Distribution of LOD scores when covariates are included in linkage analysis. Sex (A) or age (B) were included as covariates and are plotted on vertical axis, compared to no covariates on the horizontal axis. C, On the vertical axis age and generation were included as covariates, compared to age as a covariate on the horizontal axis. The solid line indicates symmetry, the dashed lines are at ±3 LOD scores from symmetry.

Table 2 Marked changes in linkage when sex was included as a covariate
Table 3 Marked changes in linkage when age was included as a covariate

Discussion

We found that the majority of genes show significant differences in expression by age, while only a subset show significant sex differences. There were more linkage signals that were no longer significant when sex or age were included as covariates than appeared as a consequence of inclusion of these covariates. When generation was also included in the linkage analysis with age, few linkage results changed. Limitations of our analysis include the fact that age data were missing for all individuals in one family and for three individuals in other families.

In addition, we took a blanket approach to all traits because performing detailed diagnostics for numerous traits is not straightforward. To investigate the potential risks of this approach, we examined the trait distributions for the linkage results that changed dramatically when either sex or age was included as covariate (Tables 2 and 3). As expected, many of the traits that had marked sex effects on linkage results were bimodally distributed, which may result in false-positive linkage results [7]. Interestingly, when we repeated linkage analyses for loci where age and sex had marked effects using the variance-components methodology (as opposed to MERLIN-REGRESS), there was little difference between inclusion and exclusion of the covariate, raising concern about the validity of the regression results.
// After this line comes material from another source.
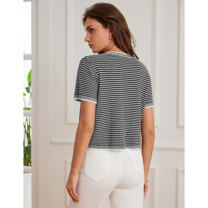 - 𝐒𝐭𝐲𝐥𝐞: Chic cropped cardigan with a straight "H" silhouette, accommodating various body types. Classic short sleeves and round neck, with front buttons for versatile styling options

Morley et al. [1] selected genes for linkage analysis based on greater variance between, compared to within, individuals. They performed this analysis on the grandparents: of those available in this data set, the mean age was 72 years (SD = 8, range = 61–92). However, the grandparents were extracted from linkage analysis. Only the traits of children, whose mean age was 18 years (SD = 8, ranges = 3–37) were used for the linkage analysis. Reasons for this may be related to limitation of available methods or a decision to attempt to reduce age effects. However, if the variance is not the same for grandparents and children, then such an approach may results in genes that are falsely included or excluded from the genetic linkage analysis. Furthermore, although in our analysis we used age, the age effects are mostly removed when generation was included. In such a situation age will be highly correlated with birth order within a sibship and therefore we cannot exclude that this has resulted in confounding.

We used a simple exchangeable covariance structure in our GEE analyses. This takes into account the family dependence to some extent but may not be the most appropriate covariance structure for the data. It would be interesting to investigate other covariance structures and assess the impact that they have on the overall findings.

Conclusion

Age, and to a lesser degree sex, influence gene expression in transformed B lymphocytes. Although including sex as a covariate did not result in many changes in the linkage results, when age was included the results changed more markedly-specifically there were fewer significant linkage results when age was included as a covariate. It appears that many of these age effects can be accounted for by generational differences in gene expression. Inclusion of covariates in quantitative trait linkage analysis may improve power and reduce false positives.